Sunday, March 2, 2025

Eric Adams: Fourteen Former Federal Judges Urge Judge Ho to investigate

 Proposed amicus brief by fourteen former federal judges

***IV. ARGUMENT A. If the Court finds an improper quid pro quo, it should exercise its authority under Rule 48(a) to deny the DOJ’s request for dismissal. 

Federal Rule of Criminal Procedure 48(a) provides that “[t]he government may, with leave of court, dismiss an indictment, information, or complaint.” “The words ‘leave of court’ were inserted in Rule 48(a)” and “obviously vest some discretion in the court.” Rinaldi v. United States, 434 U.S. 22, 29 n.15 (1977); see also United States v. N. V. Nederlandsche Combinatie Voor Chemische Industrie, 75 F.R.D. 473, 475 (S.D.N.Y. 1977) (“Nederlandsche II”) (“The effect of Rule 48(a) necessarily turns what was once solely the prerogative of the executive into a shared responsibility between the executive and judicial branches of government.”). 

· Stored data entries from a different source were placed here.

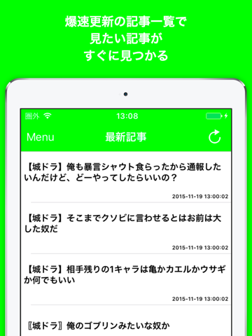 1タップの超簡単操作で最新の城ドラニュースがサクサク閲覧可能!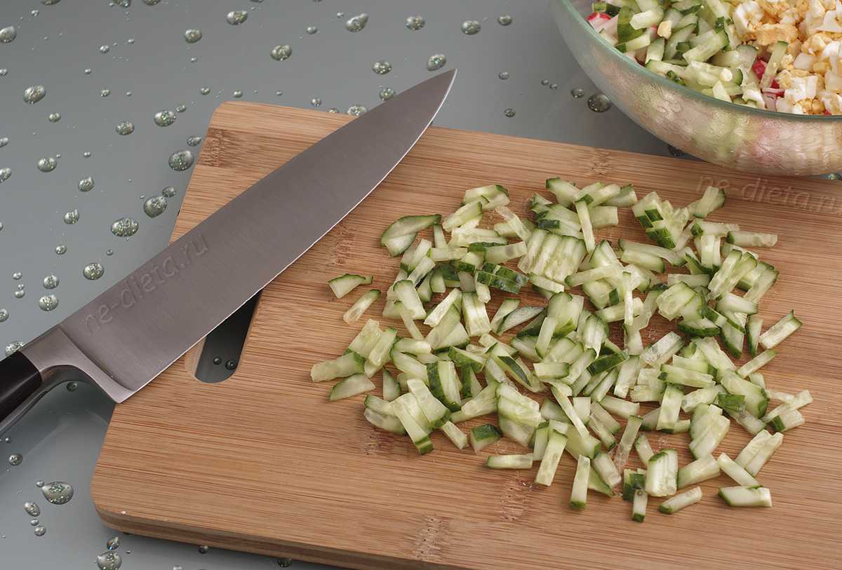 Огурец порезать кубиками или соломкой и положить к остальным ингредиентам. Зимние огурцы иногда лучше очищать от кожуры, чтобы она не испортила консистенцию салата, однако, сейчас в продаже есть овощи на любой вкус и кошелек, поэтому если кожица у огурца светлая и тонкая, то о ней можно не беспокоиться.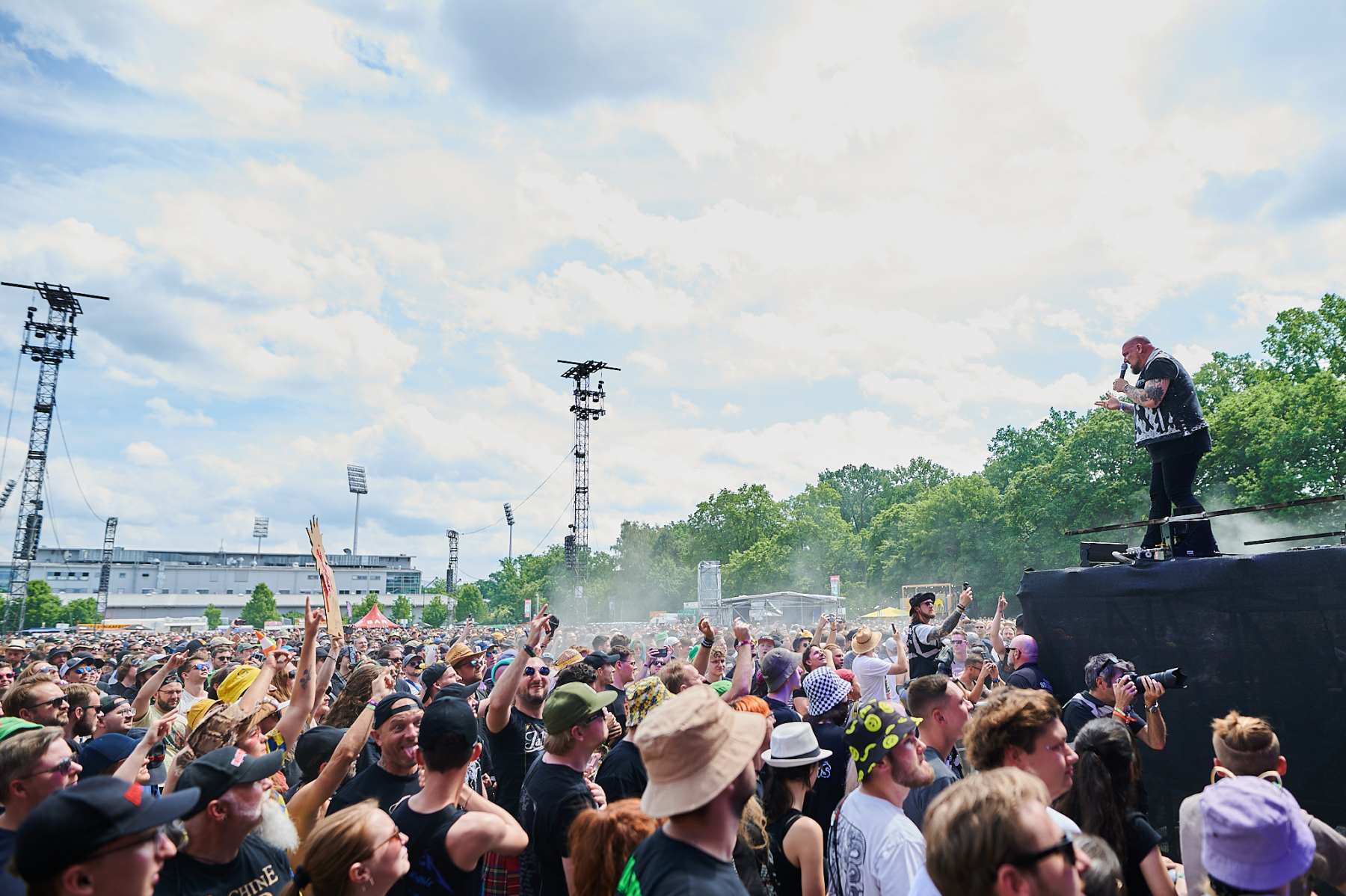 H-BLOCKX eröffneten den Tag mit einer Performance, die sich gewaschen hat. Die Crossover-Pioniere feierten das 30-jährige Jubiläum ihres Debütalbums „Time To Move“ und spielten Klassiker wie „Risin’ High“ und „Move“. Die Band zeigte, dass sie auch nach all den Jahren nichts von ihrer Bühnenpräsenz und musikalischen Kraft verloren hat und sorgte schon mittags, für viele Parkrocker*innen kurz nach dem Aufstehen, für wilde Moshpits und jede Menge Crowdsurfer.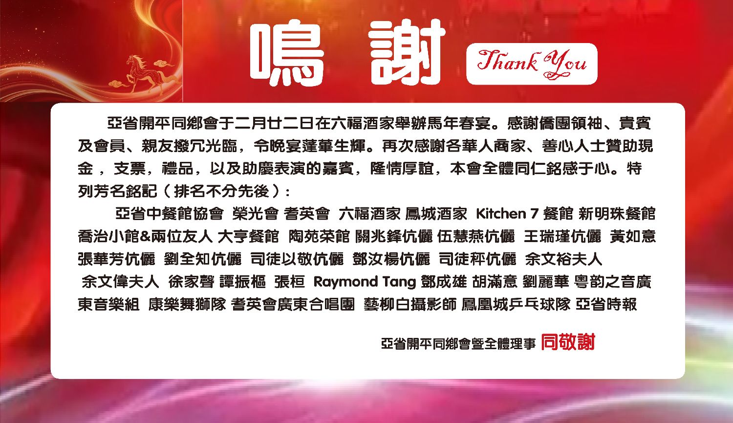 此次马年春宴不仅是开平乡亲的年度团聚,更是传承乡情、弘扬粤港文化的生动实践。亚省开平同乡会将继续凝聚乡亲力量,促进社区交流与互助,为亚利桑那州多元文化增添一抹温暖的“开平红”。

Rule 48(a) does not permit “the trial court to merely serve as a rubber stamp for the prosecutor’s decision.” United States v. Ammidown, 497 F.2d 615, 622 (D.C. Cir. 1973). Indeed, Rule 48(a) was amended to require leave of court pprecisely in order to prevent prosecutorial abuse. See, e.g., Thomas Ward Frampton, Why Do Rule 48(a) Dismissals Require “Leave of Court”?, 73 Stan. L. Rev. Online 28 (2020). 

In Rinaldi, the Supreme Court indicated that courts may deny leave under Rule 48(a) 

(1)  “to protect a defendant against prosecutorial harassment” or 

(2) “if the motion is prompted by considerations clearly contrary to the public interest.” Rinaldi, 434 U.S. at 29 n.15. The Second Circuit has likewise suggested that courts may deny Rule 48(a) motions where “dismissal is ‘clearly contrary to manifest public interest.’” United States v. HSBC Bank USA, N.A., 863 F.3d 125, 141 (2d Cir. 2017). Courts have primarily analyzed two factors to determine whether dismissal is contrary to public interest.